This is the honeymoon period, so we'll ask for the little things first, and Will Clark later. A local owner in Baltimore faces the same pressures as a Democrat in the White House. After so many years out of power, their constituencies demand everything at once.
Peter Angelos can't help but be a hit -- he won't blackmail the state like the late Edward Bennett Williams, and he won't milk the Orioles for a $1.325 million management fee like Eli Jacobs. Indeed, after those two, he'll probably be a hero.
Angelos might not know much about baseball, but he understands that the Orioles are a public trust. He pursued the team for the good of the community, and soon he'll get to act in its interests.
Peter, we'll get to free agents later.
For now, just follow this little list:
* Fix the road jerseys.
This would be a silly issue in any other city, but it's a sensitive topic in Baltimore, where the sports community is psychologically scarred from the loss of the Colts and the trespasses of two out-of-town baseball ownerships.
Actually, the Orioles removed "Baltimore" from the road jerseys in 1975, when Jerry Hoffberger was owner. But the perception is that Williams committed the heinous act, the better to serve his quest for a regional fan base.
Williams indeed sought a higher profile in Washington and Northern Virginia, implementing a marketing vision that saved the franchise. Seven other major-league clubs use their nicknames on their road jerseys. Nowhere else is it a concern.
Still, paranoid as they might sound, Baltimore fans are essentially correct in believing that Williams and Jacobs had little regard for their interests. With one stroke, Angelos can score a public-relations coup with his core audience. Washington would get over it.
* Call it "Camden Yards."
Not Oriole Park at Camden Yards, the eight-syllable abomination that resulted from the feud between Jacobs and Gov. Schaefer over the name of the new ballpark.
Jacobs wanted Oriole Park, Schaefer preferred Camden Yards, and OPACY was the outcome. Camden Yards was, and is, the better name. No one calls the place Oriole Park except the club's radio and TV announcers, who don't have a choice.
Why change it? Because the OPACY compromise represented the height of Jacobs' arrogance. Yes, the lease agreement stated that the ballpark would be named jointly by the governor and the owner. But Schaefer persuaded the state to build the park, a fact Jacobs conveniently ignored.
No one knows why Jacobs was so adamant -- the royalties are believed to be minimal. Angelos appears fond of Schaefer, and the governor's ego always needs stroking. Under terms of the sale, the new owners probably can't rename Eli Jacobs Plaza. Fine, just take a red pencil to "Oriole Park."
* Schedule more day games.
It doesn't take much to become known as a baseball visionary, but this is one way for Angelos to leave his mark. True, the Orioles sell out nearly every game, and even without the two expansion teams, major-league attendance is up almost 10 percent.
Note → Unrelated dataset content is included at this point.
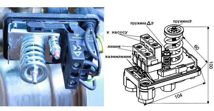 Le schéma ci-dessus montre un pressostat standard pour les pompes Marina. Sur celui-ci, sous le couvercle en plastique du boîtier, il y a deux ressorts. La plupart d'entre eux tournent dans le sens des aiguilles d'une montre, il est responsable de la pression minimale dans le réservoir à laquelle la station s'allume. En faisant tourner un petit ressort, nous ajustons la pression maximale, une fois atteinte, la pompe s'éteint.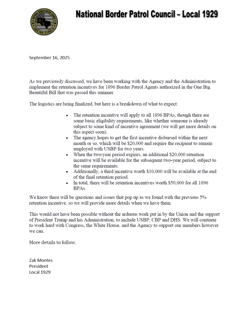 Please see the attached update regarding the retention bonuses.

Still, the sport needs more young fans.
On Thursday, there were 10 day games, the most this season in the majors. The average attendance (29,460) was lower than the overall average (31,510), but if you take away a crowd of 14,702 in San Diego, it would have been greater.
Why can't the Orioles play afternoon games on all Saturdays and at least one weekday per homestand? Granted, it's dangerous to tinker with attendance booming, but the long-term impact would make it worthwhile.
* Hold down ticket prices.
If only for one season. Jacobs issued three price hikes in four years, a fine show of appreciation for the taxpayers who built the Orioles a stadium and the fans who helped them set attendance records.
No one begrudges an owner's right to make money, but a $28 million operating profit in a publicly financed ballpark without a dramatic improvement in the standings? That's taking advantage.
None of this is Angelos' fault. In fact, his ownership probably can make a valid argument for raising prices, what with ticket demand soaring, revenue sharing coming and television money declining.
That said, the fans still deserve a break. The loss of additional income would hurt, but there's no better way for Angelos to gain popular support. This way, if he asked for an increase in 1995, the fans might even understand.
It's all about credibility.
Something that has been missing from Orioles ownership for too long.